* [Collected material]
----------------------------------------

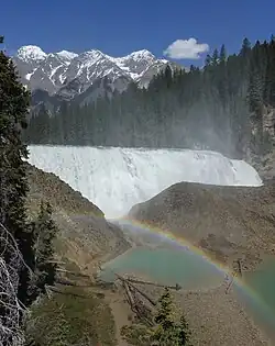 The river has three waterfalls along its stretch. The first is the Kicking Horse Cascade, a long talus cascade which occurs just below the first highway crossing of the river below Wapta Lake. The second is the Natural Bridge Falls near Field. The final and largest is 100-foot (30 m) Wapta Falls, one of the largest waterfalls in Canada in both volume and width. They are over 500 feet (150 m) wide.
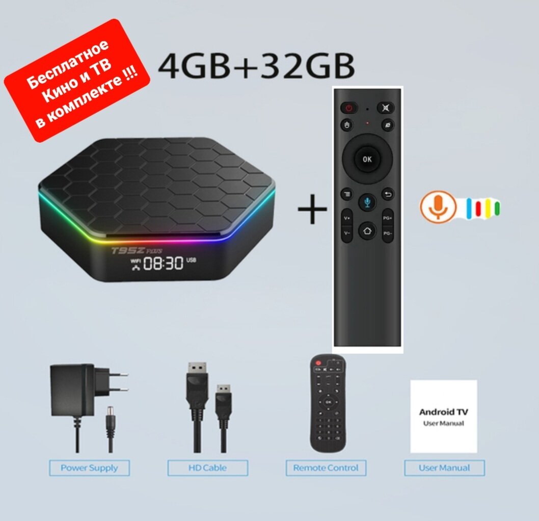 Смарт ТВ бокс T95Z Plus H618 Андроид 12 Wi-Fi 6 подсветка + Аэропульт Q5 Bluetooth голосовым управлением информация:
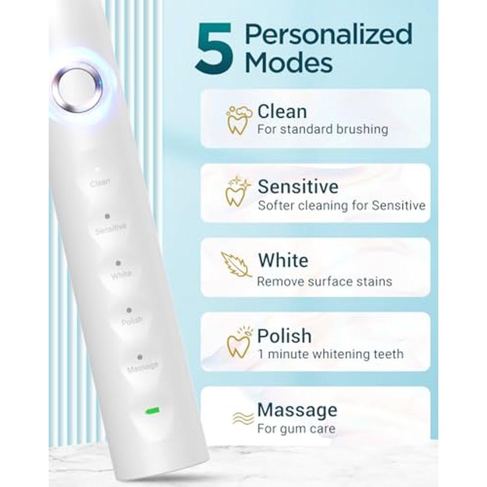 - 5 High-Performance Brushing Modes- Rtauys sonic electric toothbrush has 5 modes. Clean: For daily cleaning; Sensitive: Softer cleaning for sensitive; Whitening: Remove surface stains; Polishing: 1-minute whitening teeth; Massage: For gum care. These modes accommodate different teeth and gum conditions, ensuring comprehensive cleaning and care.

----------------------------------------

* [Problem description]
Once the pictures have been removed, reproduce each line of the material above exactly.

* [Response to the exercise]
 The river has three waterfalls along its stretch. The first is the Kicking Horse Cascade, a long talus cascade which occurs just below the first highway crossing of the river below Wapta Lake. The second is the Natural Bridge Falls near Field. The final and largest is 100-foot (30 m) Wapta Falls, one of the largest waterfalls in Canada in both volume and width. They are over 500 feet (150 m) wide.
 Смарт ТВ бокс T95Z Plus H618 Андроид 12 Wi-Fi 6 подсветка + Аэропульт Q5 Bluetooth голосовым управлением информация:
 - 5 High-Performance Brushing Modes- Rtauys sonic electric toothbrush has 5 modes. Clean: For daily cleaning; Sensitive: Softer cleaning for sensitive; Whitening: Remove surface stains; Polishing: 1-minute whitening teeth; Massage: For gum care. These modes accommodate different teeth and gum conditions, ensuring comprehensive cleaning and care.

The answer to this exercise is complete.